IRST systems have long been and continue to be in use on aircraft in service with a number of potential U.S. adversaries, including near-peer competitors China and Russia. As such, the need to be better able to replicate those threats to challenge stealthy fifth-generation fighters, like the F-22 Raptor and F-35 Joint Strike Fighter is a key reason why IRSTs are increasingly appearing on ‘red air’ aggressor jets, and not just ones belonging to Top Aces. The desire for more advanced sensor replication in training exercises, as well as for test and evaluation activities, in general, has also been driving demand in recent years to add more modern AESA radars to adversary air jets.

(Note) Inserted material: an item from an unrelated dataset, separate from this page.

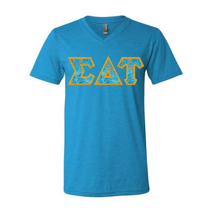Customize our best-selling 4-inch Greek Letter V-Neck Shirt by Bella + Canvas with your Sigma Delta Tau sorority letters! Choose from over 450+ different Greek letter twill designs, colors and patterns. The custom twill Greek letters measure 4-inches in height and are sewn horizontally across the chest.

“For pilots of fifth-generation fighter jets, the combination of Top Aces’ highly maneuverable F-16As and their new active electronically scanned array [AESA] radar is exactly what the USAF needs,” Todd “T-Bone” Robbins, Top Aces’ site lead for the company at the U.S. Air Force’s at Eglin Air Force Base in Florida, told The War Zone last year.

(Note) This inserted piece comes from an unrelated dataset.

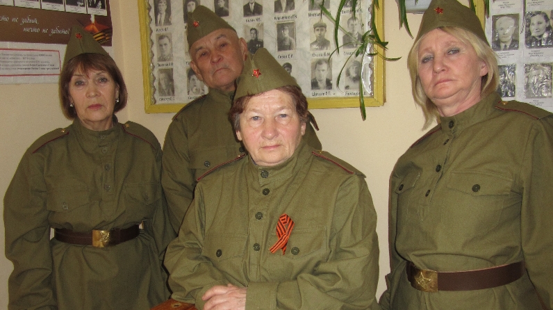Песни военных лет…Они оставлены нам на вечную память. Они сражались вместе с солдатами, были с ними в короткие часы отдыха, звали на подвиг и прославляли его. Песни, созданные в то суровое военное время, пели все: и солдаты, и те, кто трудился в тылу. Люди черпали в песнях душевные силы и оптимизм. Каждая фронтовая песня имеет свою интересную и часто захватывающую историю. Ведущая рассказала об истории создания песен «Священная война», «Катюша», «Землянка», «Синий платочек», «Огонек», «На Мамаевом кургане тишина», «День Победа», которые прозвучали в исполнении Курмышкиной М.Н., Старостиной Н.З. и Щукиной Н.С., аккомпанировал гармонист Старостин В.С.

“I flew a dissimilar basic fighter maneuvers [BFM] mission [in an F-16 AAF] a few weeks ago against an experienced F-22 Raptor pilot,” Robbins also said at the time. “After the mission, he told me it was the highlight of his year! We will take that feedback any day.”

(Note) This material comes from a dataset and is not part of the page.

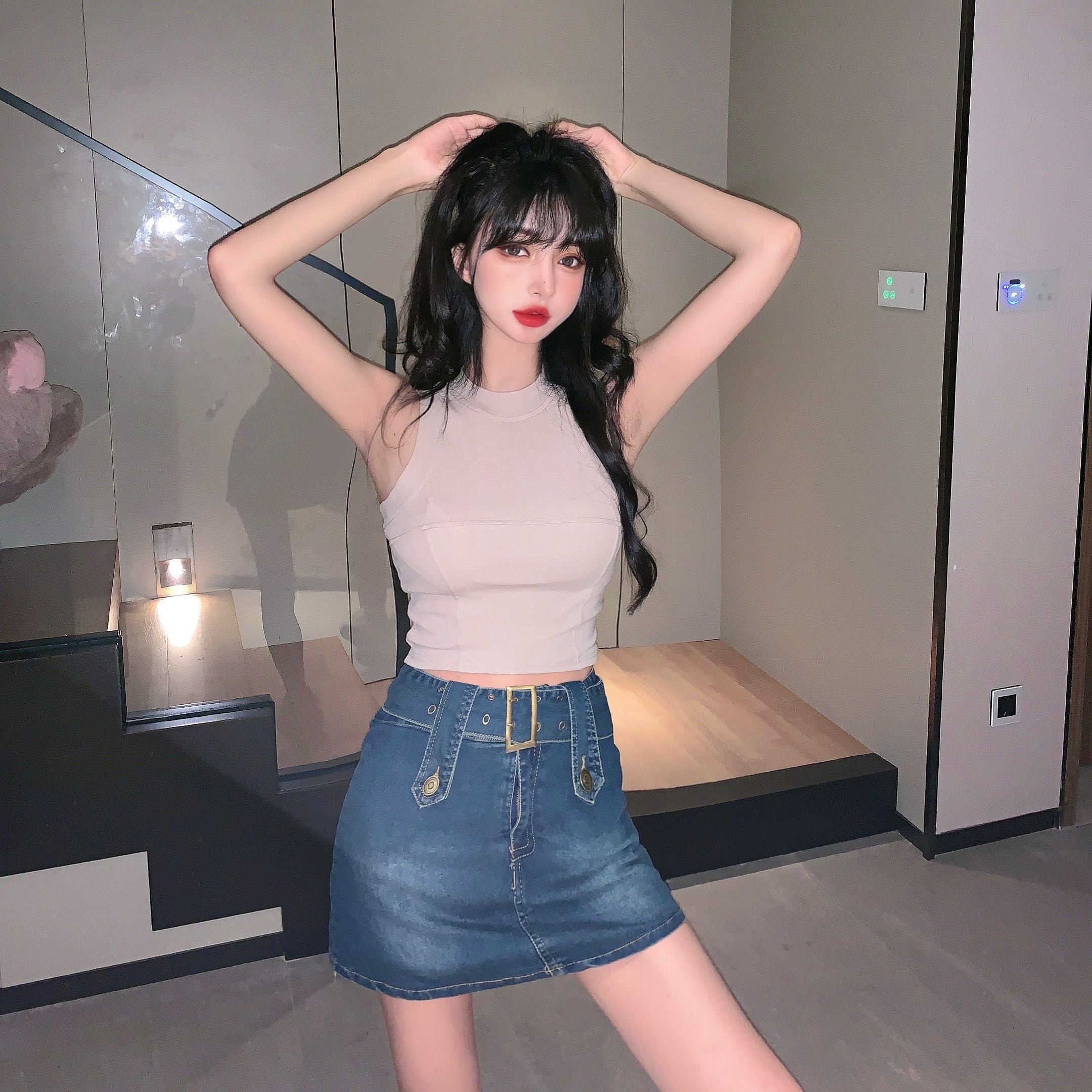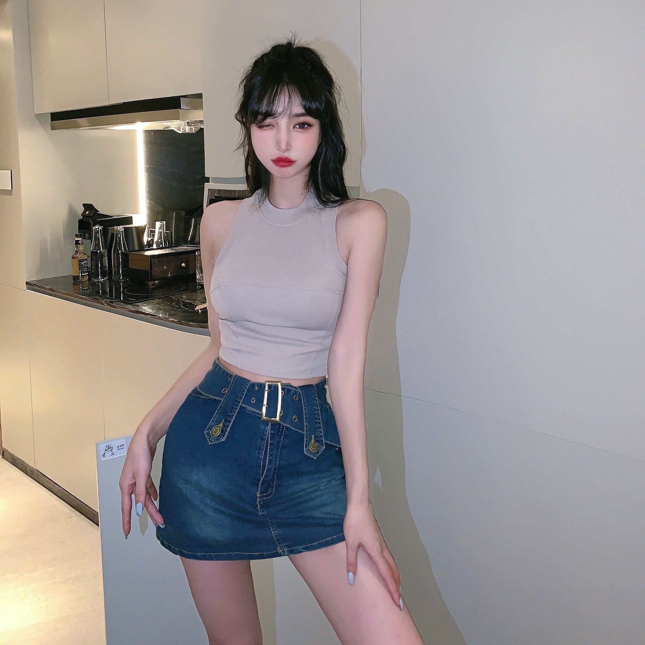 カラーショートハイウェストウェストアームAラインスカート ストリート ナナファッション39764821352

U.S. military demand for advanced aggressor capabilities and overall capacity is only likely to keep growing as America’s armed forces continue to shift their primary focus to preparing for future high-end first, especially a possible one against China in the Pacific. This has led to increasingly large aerial combat exercises conducted over ever-broader areas, which in turn has created additional requirements for adversary air support, whether it be provided organically or by contractors like Top Aces.
There has been a resurgence of interest in IRSTs in the U.S. military and elsewhere in the West in recent years as the prospect of squaring off against stealthy targets, including crewed and uncrewed aircraft, as well as missiles, has grown. The U.S. Air Force notably evaluated an IRST-equipped OpenPod as an option for its F-15C/D Eagles, but ultimately decided to acquire Lockheed Martin Legion Pods fitted with a sensor system of this kind instead. The U.S. Navy has also been working on fielding an IRST system for its F/A-18E/F Super Hornets integrated into a modified drop tank. Legion Pods and other IRST systems have also been used extensively on other crewed and uncrewed aircraft in support of various U.S. military tests.
Overall, Top Aces’ F-16s getting IRST-equipped OpenPods points to this sensor capability not just being valuable for better replicating advanced threats, but also increasingly a standard requirement for contractor-operated aggressor jets.